Rafała Kosika nie muszę chyba przedstawić. Szef wydawnictwa Powergraph to postać doskonale znana polskim czytelnikom, zarówno tym nieopierzonym, jak i doświadczonym pożeraczom literek. Facet miał być architektem, ale ponoć rzucił studia i skupił się na wydawaniu książek. Napisał niezwykle popularny cykl Feliks, Net i Nika, a także serię Amelia i Kuba (przeznaczoną dla jeszcze młodszych dzieci). Na koncie ma też kilka tytułów dla starszych odbiorców, choćby debiutancki Mars, Kameleon czy Różaniec.
Nie byłoby powieści Bez przypadku, gdyby nie gra Cyberpunk 2077 autorstwa CD Projekt Red. Twórcy Wiedźmina wpakowali worek pieniędzy w tę produkcję i musieli zadbać o jej odpowiednie wypromowanie. Stąd poprosili Rafała Kosika o napisanie powieści rozgrywającej się w tym uniwersum oraz kilku scenariuszy do przygotowywanej przez Netfliksa serii Cyberpunk 2077: Edgerunners. Z dziennikarskiego obowiązku dodam, że powstała też seria komiksowa zapoczątkowana przez zeszyt Trauma Team.

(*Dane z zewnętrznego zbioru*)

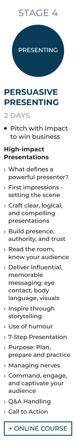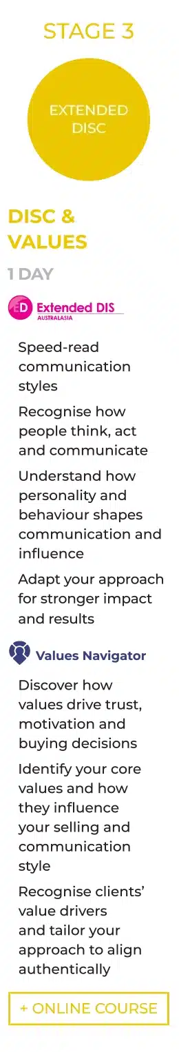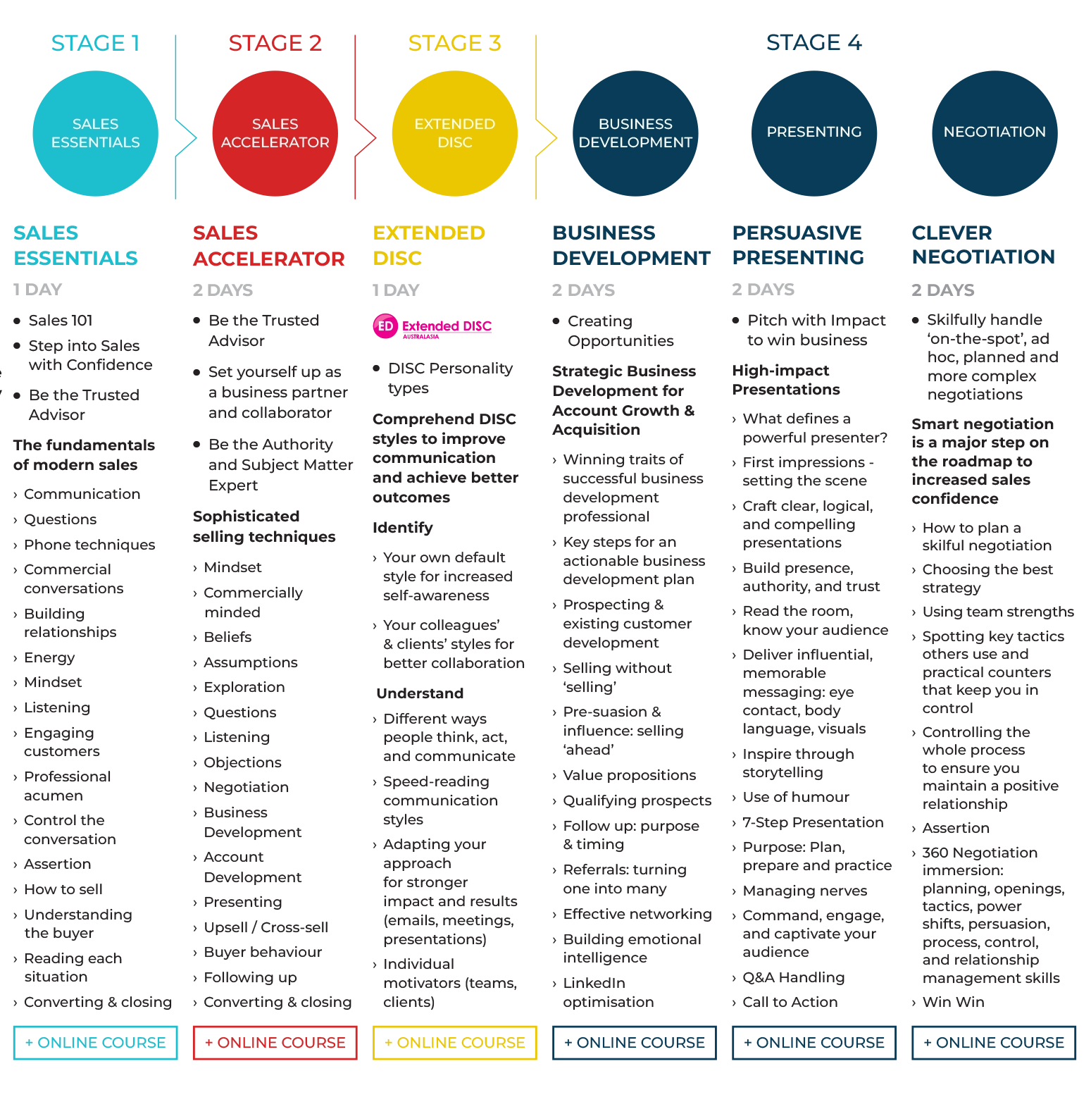 Whether you’re building core skills or refining advanced techniques, our professional sales training pathway typically includes these core programs:

Bohaterami Cyberpunk 2077: Bez przypadku są przypadkowi nieudacznicy: były żołnierz, tancerka z nocnego klubu, korporatka negocjatorka, sześciopalczasty chirurg, marzący o życiu gangstera urzędnik i nastoletni nerd. I spotykają się oni na nielegalnej robocie. Mają dokonać ryzykownego skoku niezwykle precyzyjnie przygotowanego przez ich bossa, łupnąć towar i zwiać. I nigdy się już więcej nie zobaczyć, bo tak jest bezpieczniej. Oczywiście coś idzie nie tak…
Z całą pewnością książka będzie gratką dla tych, którzy znają już Night City i odwiedzali je w grze. Teraz mogą poznać nową historię z tego uniwersum, odwiedzić znane sobie miejsca i ponownie spotkać kilka znanych sobie postaci (choć to dalszy plan, żeby nie było). Autorowi udało się odtworzyć klimat tego miasta, zachować język, styl dialogów, przyzwyczajenia i zwyczaje. Osoby, które nie znają gry, mogą poczuć się odrobinę zagubione, bo akcja toczy się wartko, a Kosik nie zawsze ma czas na wyjaśnianie detali.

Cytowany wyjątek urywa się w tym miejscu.